◆ **Problem statement**: After finding the line containing "Load History Bar - Click" below, please output that line and each following one through the line containing "水ゼリー 本当に甘味も何も足", exactly as written.

◆ **Given data**:
BEGIN
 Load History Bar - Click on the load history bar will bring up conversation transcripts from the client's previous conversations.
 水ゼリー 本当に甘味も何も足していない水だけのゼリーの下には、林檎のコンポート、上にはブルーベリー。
END
BEGIN
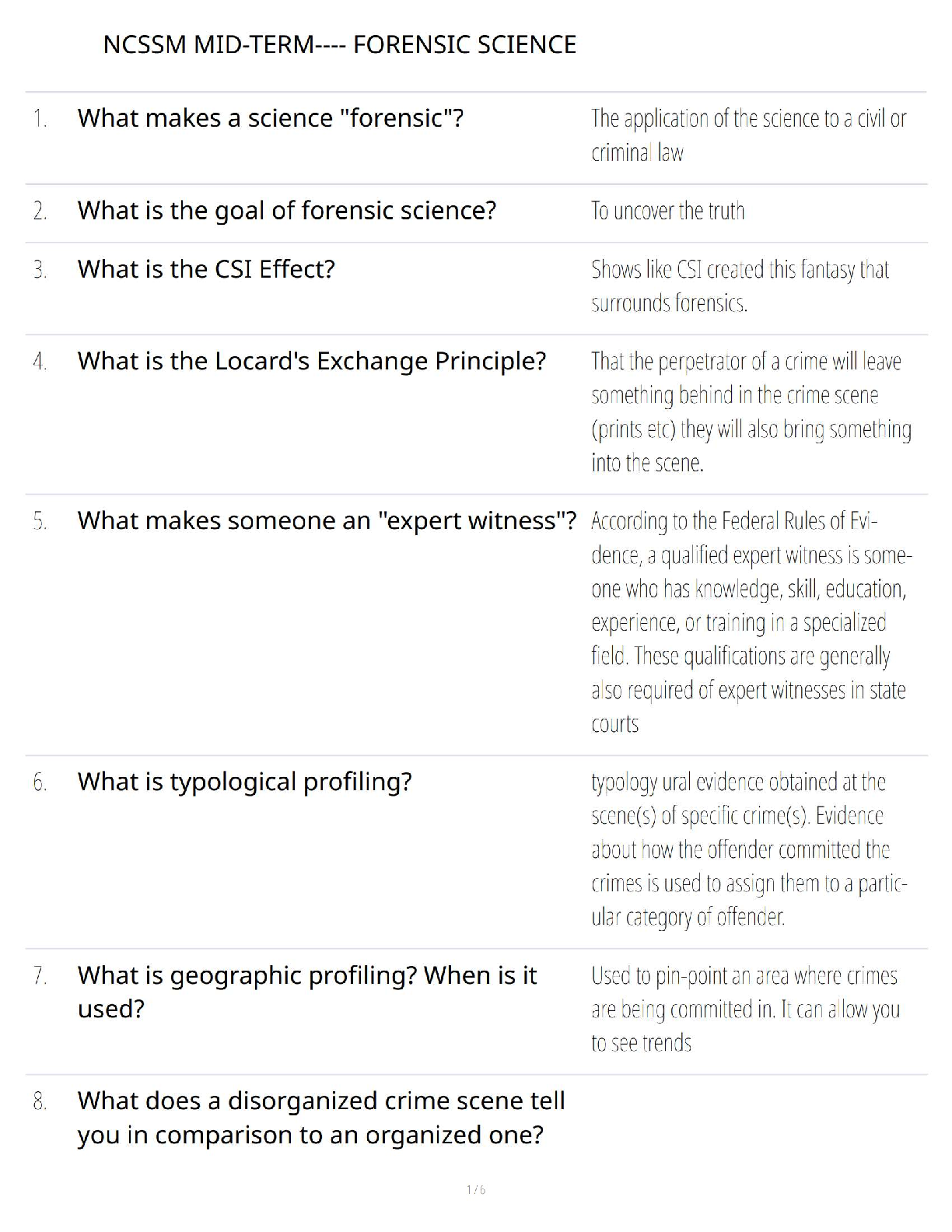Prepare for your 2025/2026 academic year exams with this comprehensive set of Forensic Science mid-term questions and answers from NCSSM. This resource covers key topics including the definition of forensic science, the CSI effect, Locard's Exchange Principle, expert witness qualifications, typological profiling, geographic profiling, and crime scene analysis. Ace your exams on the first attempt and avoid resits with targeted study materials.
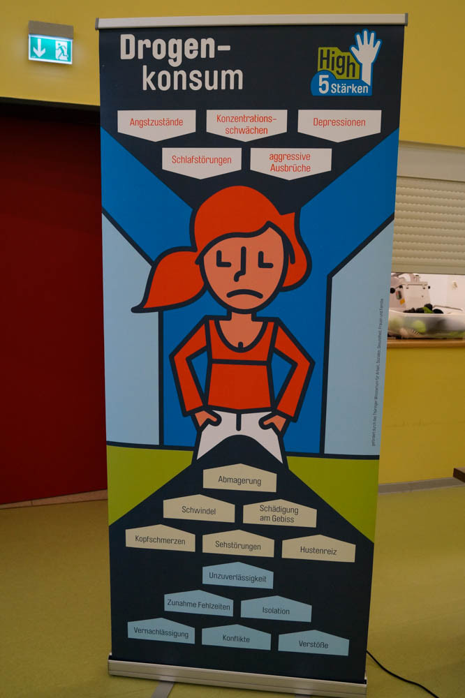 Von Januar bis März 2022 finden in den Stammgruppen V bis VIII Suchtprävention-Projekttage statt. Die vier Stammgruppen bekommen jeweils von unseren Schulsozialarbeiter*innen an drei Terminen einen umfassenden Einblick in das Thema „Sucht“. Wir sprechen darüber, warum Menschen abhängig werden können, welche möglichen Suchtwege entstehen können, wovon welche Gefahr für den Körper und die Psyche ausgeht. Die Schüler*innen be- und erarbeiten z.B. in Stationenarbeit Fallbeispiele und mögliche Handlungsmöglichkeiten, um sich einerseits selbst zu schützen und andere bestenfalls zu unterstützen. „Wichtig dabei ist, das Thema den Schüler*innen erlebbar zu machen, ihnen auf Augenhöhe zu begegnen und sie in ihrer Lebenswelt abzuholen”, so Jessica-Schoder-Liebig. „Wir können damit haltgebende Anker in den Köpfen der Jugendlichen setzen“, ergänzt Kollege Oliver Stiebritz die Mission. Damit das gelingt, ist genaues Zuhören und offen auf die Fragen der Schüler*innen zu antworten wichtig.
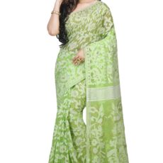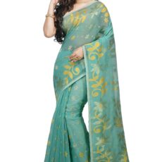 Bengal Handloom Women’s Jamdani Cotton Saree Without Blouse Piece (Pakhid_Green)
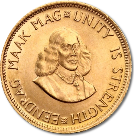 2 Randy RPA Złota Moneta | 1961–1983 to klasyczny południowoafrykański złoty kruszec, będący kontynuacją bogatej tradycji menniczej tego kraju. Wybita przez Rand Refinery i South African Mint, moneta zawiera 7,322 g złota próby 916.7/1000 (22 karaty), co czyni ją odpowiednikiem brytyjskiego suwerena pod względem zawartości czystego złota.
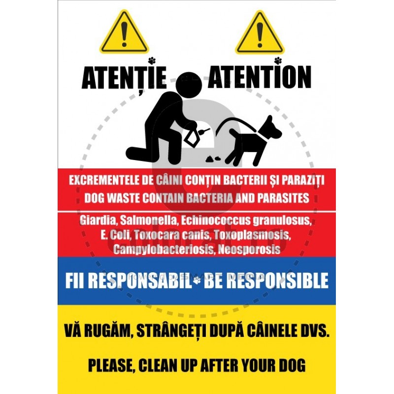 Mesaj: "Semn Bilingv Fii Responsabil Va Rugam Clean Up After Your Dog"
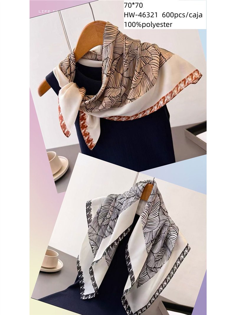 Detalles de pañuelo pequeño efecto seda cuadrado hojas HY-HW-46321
END
BEGIN
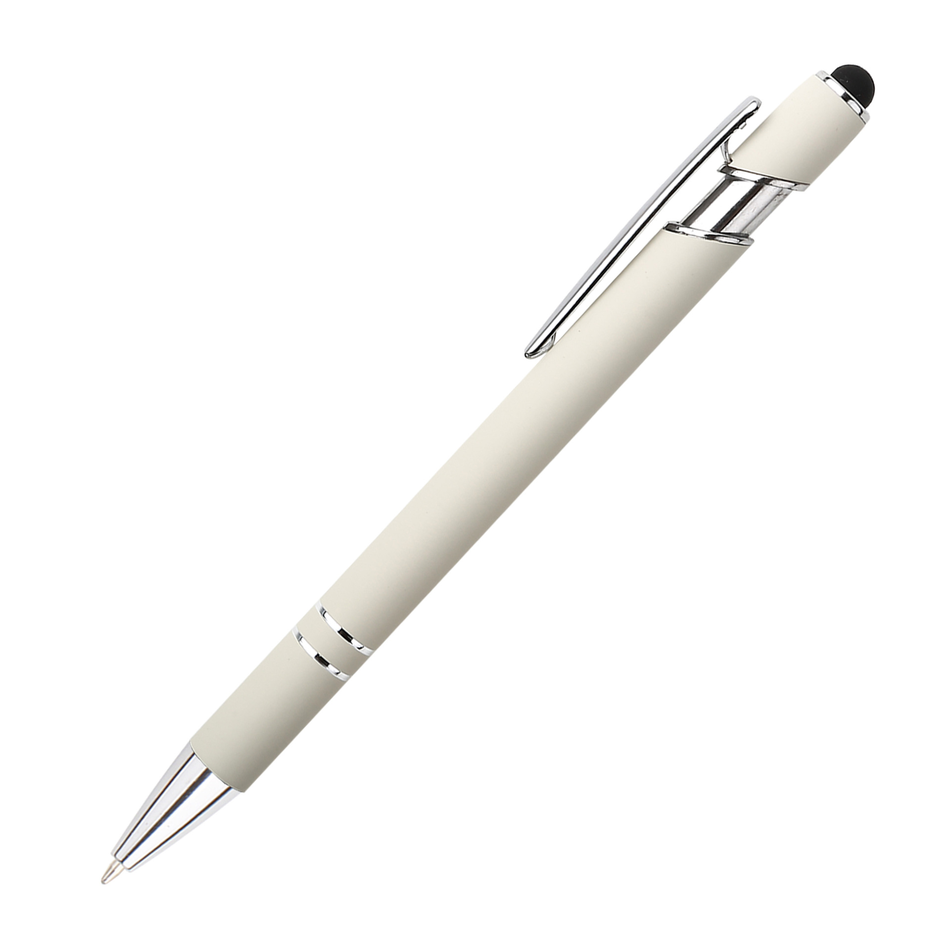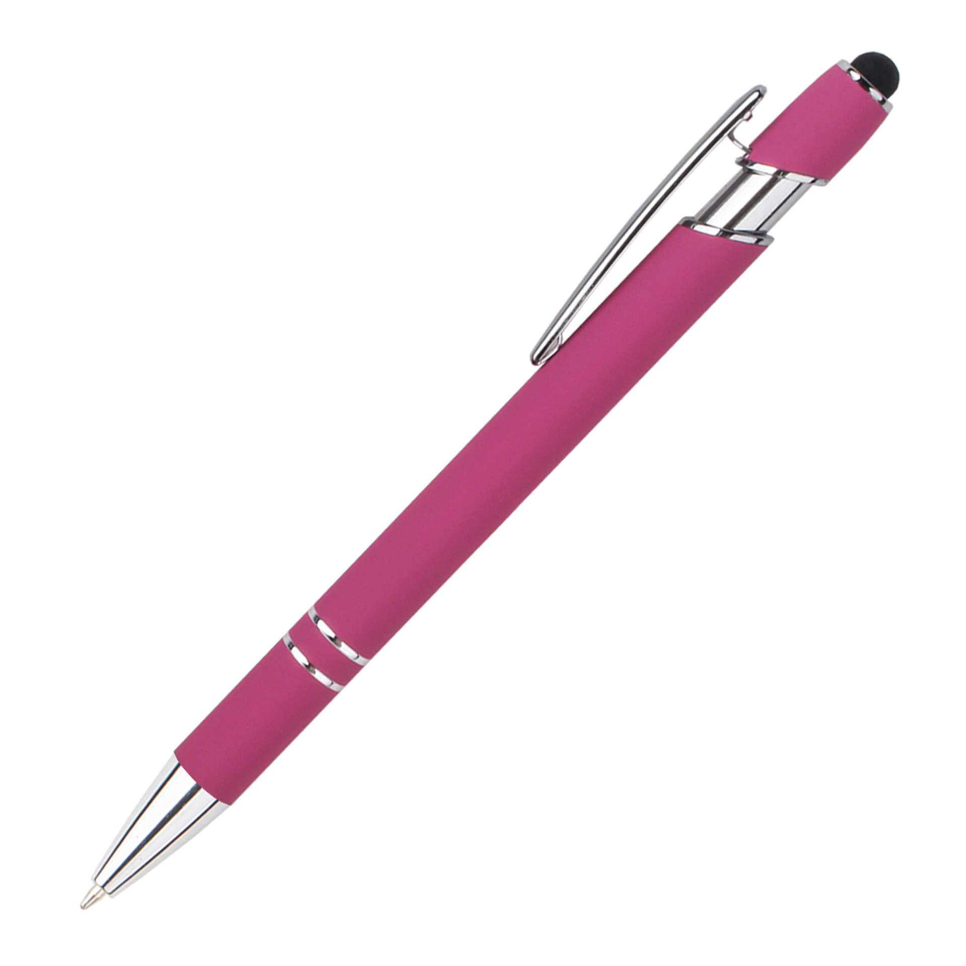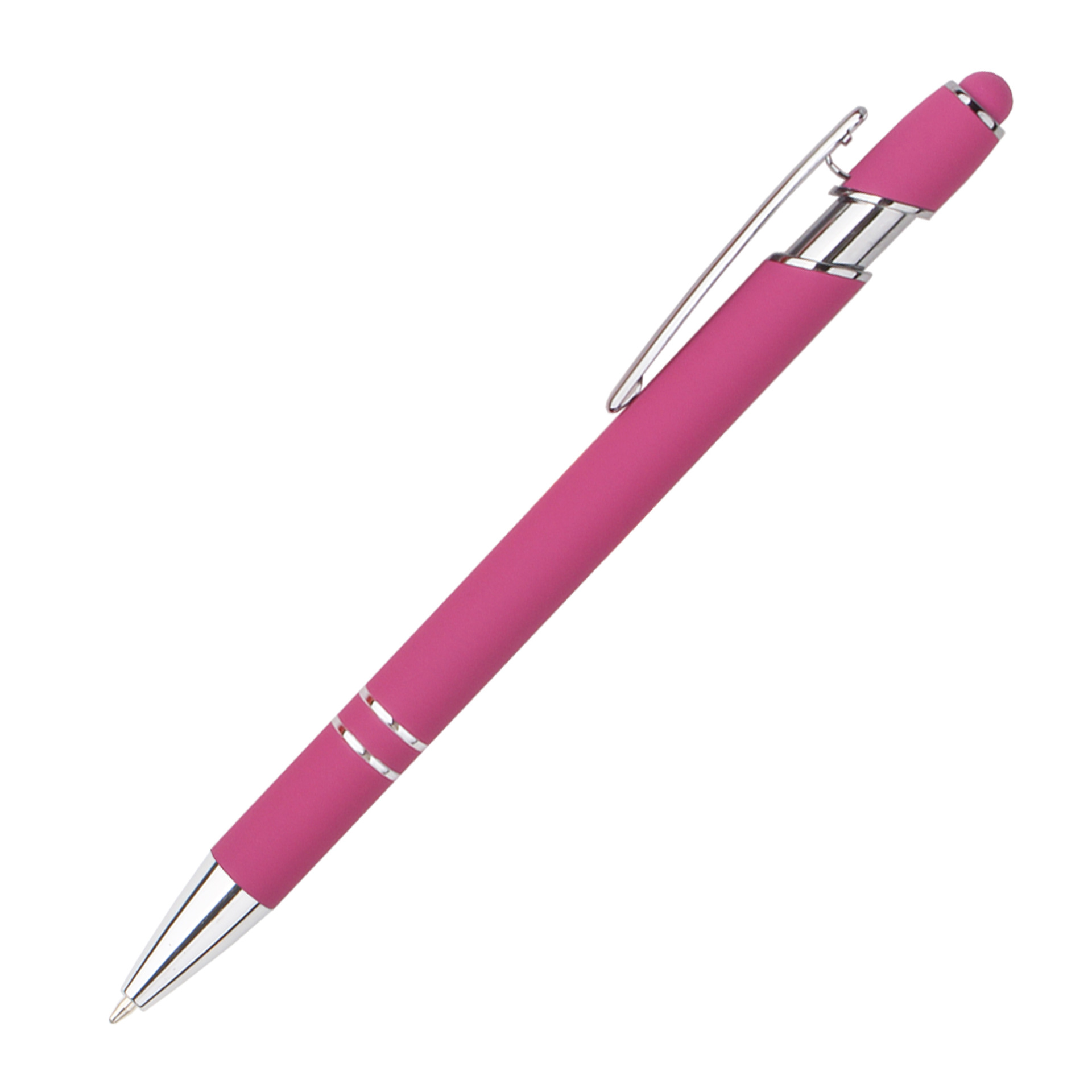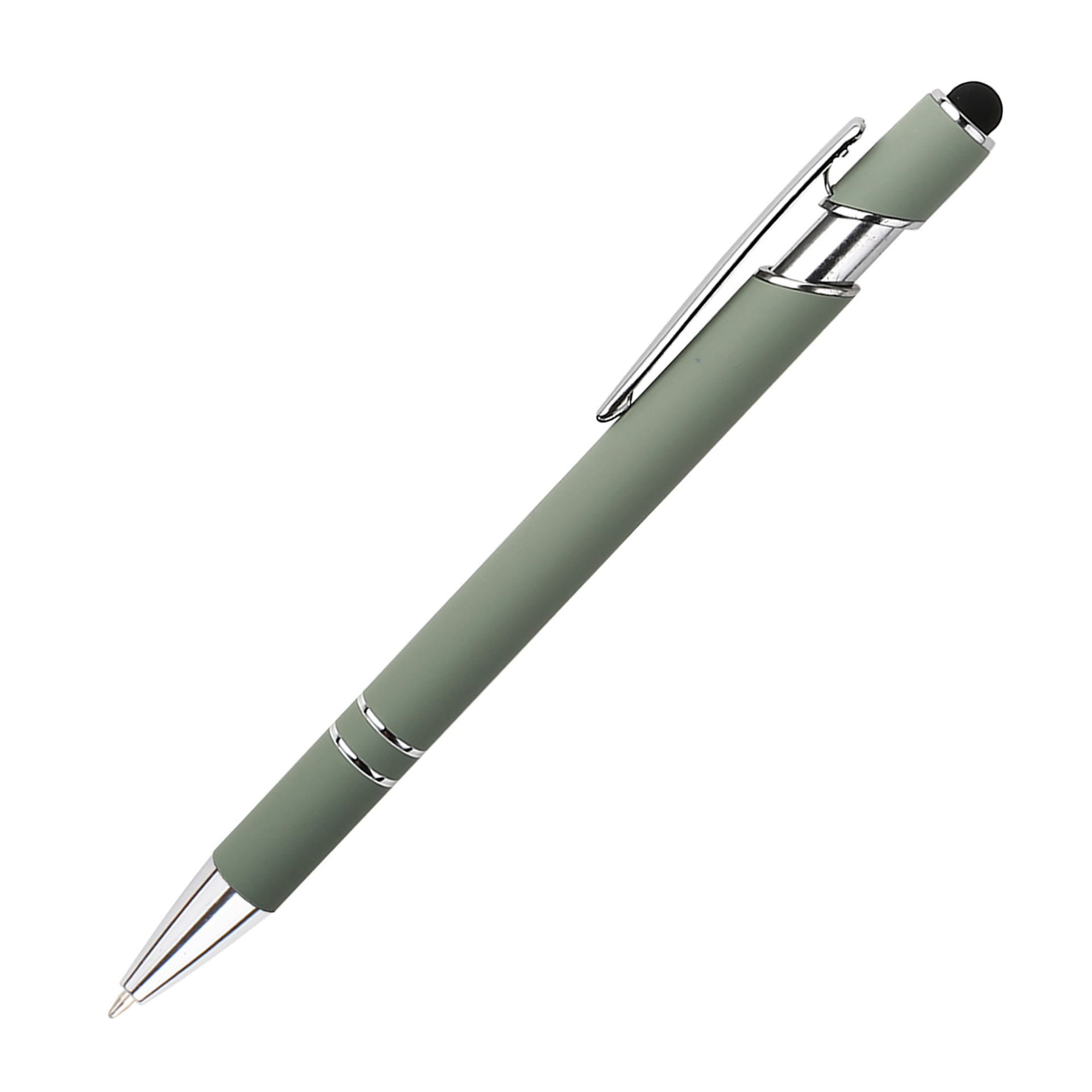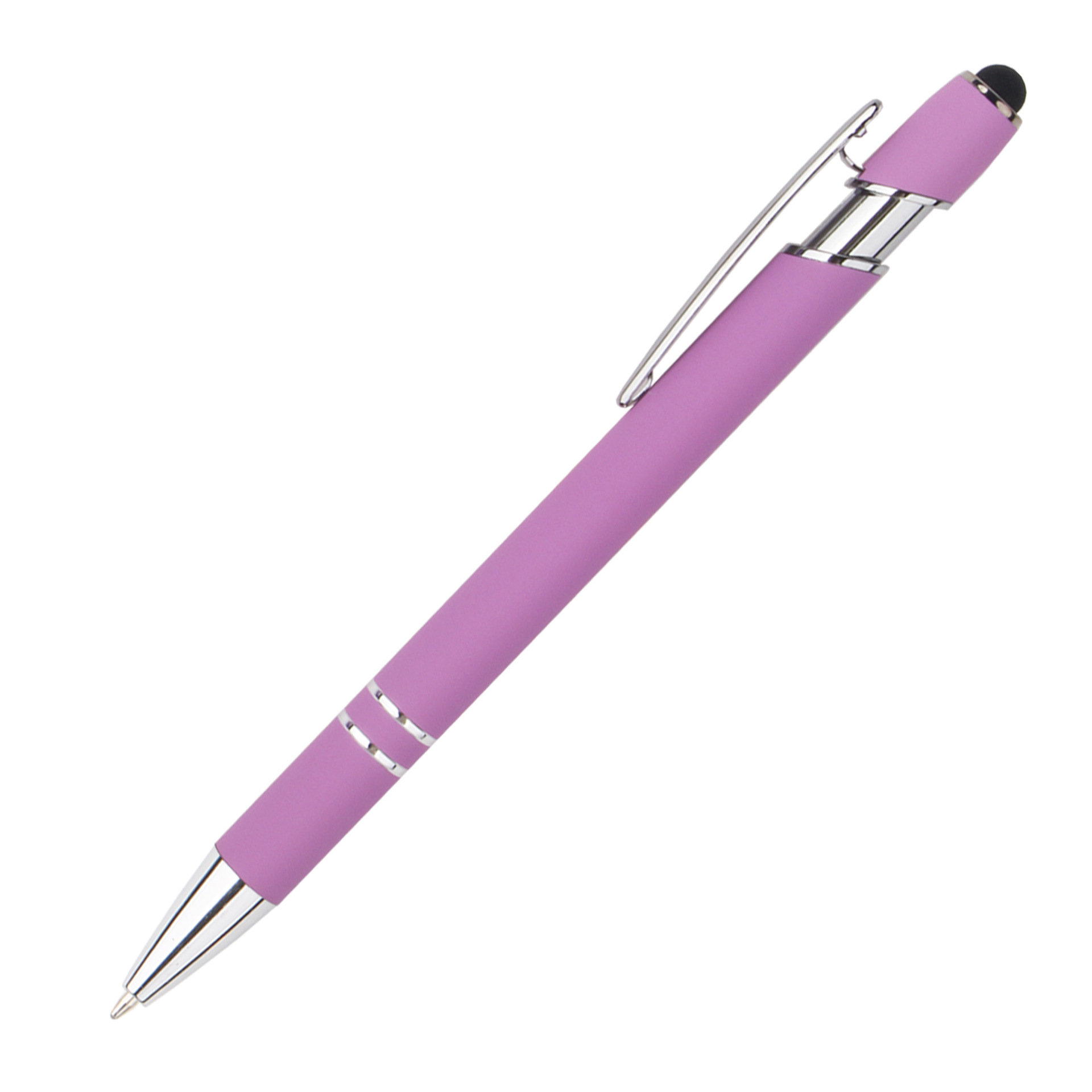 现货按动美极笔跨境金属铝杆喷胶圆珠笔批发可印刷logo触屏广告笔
END
◆ **Written response**:
 Load History Bar - Click on the load history bar will bring up conversation transcripts from the client's previous conversations.
 水ゼリー 本当に甘味も何も足していない水だけのゼリーの下には、林檎のコンポート、上にはブルーベリー。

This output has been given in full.